Coping With Transplant
Transplant is a very intensive, physically and mentally gruelling process for the whole family.
This can be a huge challenge at a time when stress levels are already very high, and the family may be separated for long periods.
Careful planning and preparation before transplant can minimise the emotional and practical difficulties in the days and weeks ahead.
Visit the Transplant Unit
Hospitals have different approaches to care during transplant. What you read in preparation materials may not be exactly what you experience.
Before your child goes into hospital, talk to the doctors and nurses who will be caring for her. They can arrange a tour of the unit and explain what is likely to happen, so you and your child know what to expect.
Passing the Time
You may wonder how you will ever fill the days in isolation and keep your child occupied. However, your child may not feel well enough to do very much, at least during conditioning and for the first few weeks after transplant.
Your child’s vital signs (temperature, blood pressure and pulse) will be checked regularly, and there will be many medications to take. Doctors and nurses will visit often and many parents find the time passes remarkably quickly.
If your child is old enough, plan ahead of time together what toys, books and music to take in with you. This will help your child feel involved and in control. Check with the staff about restrictions and pre-cleaning protocols you must observe to reduce infection risk.
Most hospitals have policies on food preparation and what your child can eat during transplant. These vary from extremely cautious to very flexible. Before transplant, discuss policies with the medical staff who will look after your child.
Special care needs to be taken that your child’s food does not contain harmful bacteria. Share any specific guidelines with friends or family who bring in food, so they know what is and is not acceptable. General precautions are:
- Fruit and salads (if allowed) should be washed thoroughly.
- Avoid cream and sugary cakes, soft cheese, unpasteurized foods and dishes made with lightly cooked or uncooked eggs.
- Hot meals should be freshly prepared and thoroughly cooked (not reheated).
Transplant unit visiting arrangements vary between hospitals and between different phases of treatment at the same unit. Your child may be restricted to only a few visitors each day.

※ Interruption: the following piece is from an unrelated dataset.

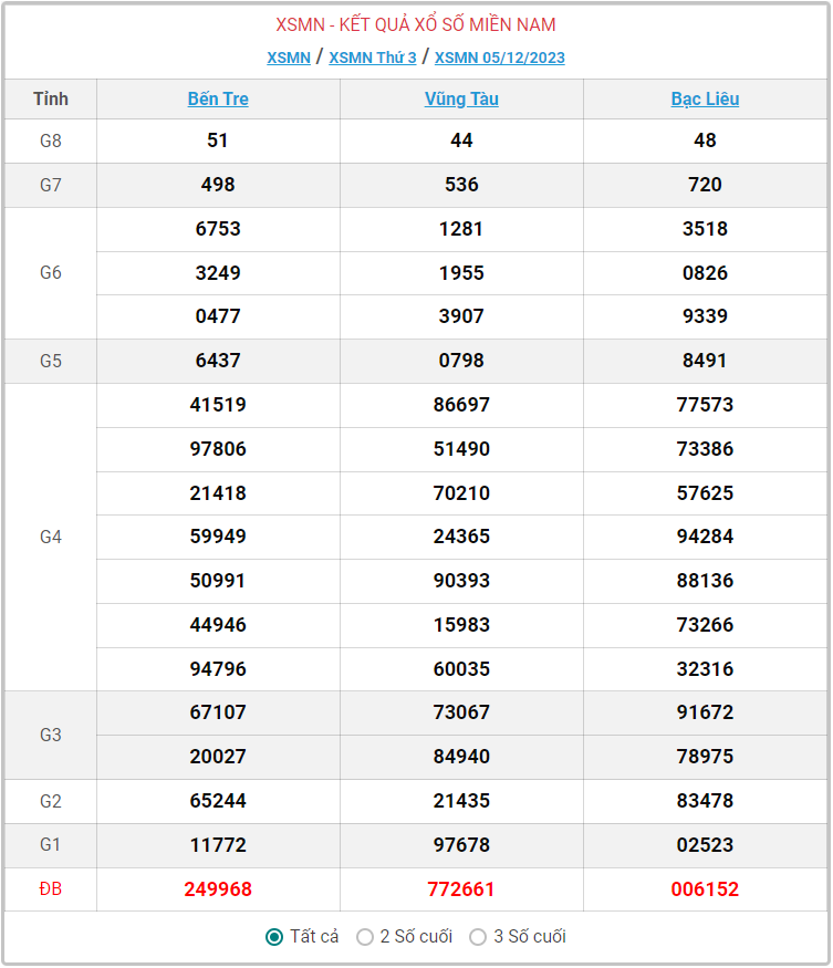 XSMN thứ 3, kết quả xổ số miền Nam ngày 5/12/2023
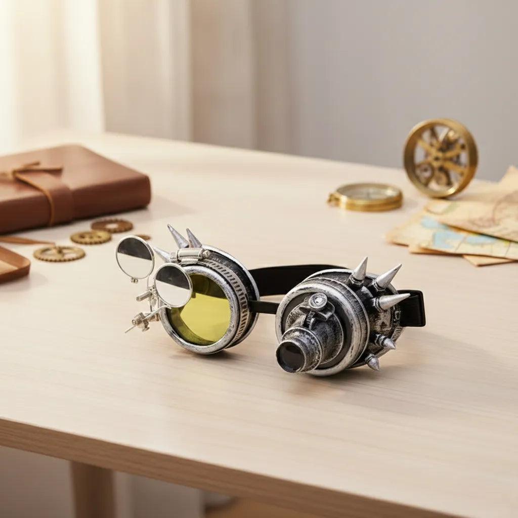 Steampunk Welding Goggles embody the very essence of retro-futurism with their metallic eyelets, copper accents, and industrial finishes. Designed to add a theatrical and immersive touch, they perfectly complement cosplay, Steampunk costumes, or bold alternative looks. Their evocative design blends engineering, creativity, and mystery. An ideal accessory to assert your style with striking visual intensity.

Visitors may have to wash their hands and wear a protective gown, gloves and mask, depending on your child’s stage of treatment.
Tell friends and family not to visit if they feel unwell or if any of their family has been unwell in the last few days. Explain the reasons so they understand the restrictions are essential to protect your child. Some hospitals have leaflets you can give your friends to help with explanations.
The medical staff will explain what precautions your visitors must take. Ask if they have an information leaflet you can circulate among friends.
The isolation and visiting restrictions may worry you. You may feel frightened and depressed by the prospect of weeks alone with your sick child. Talk to the medical staff about these concerns. They have much experience and will support you throughout the transplant process.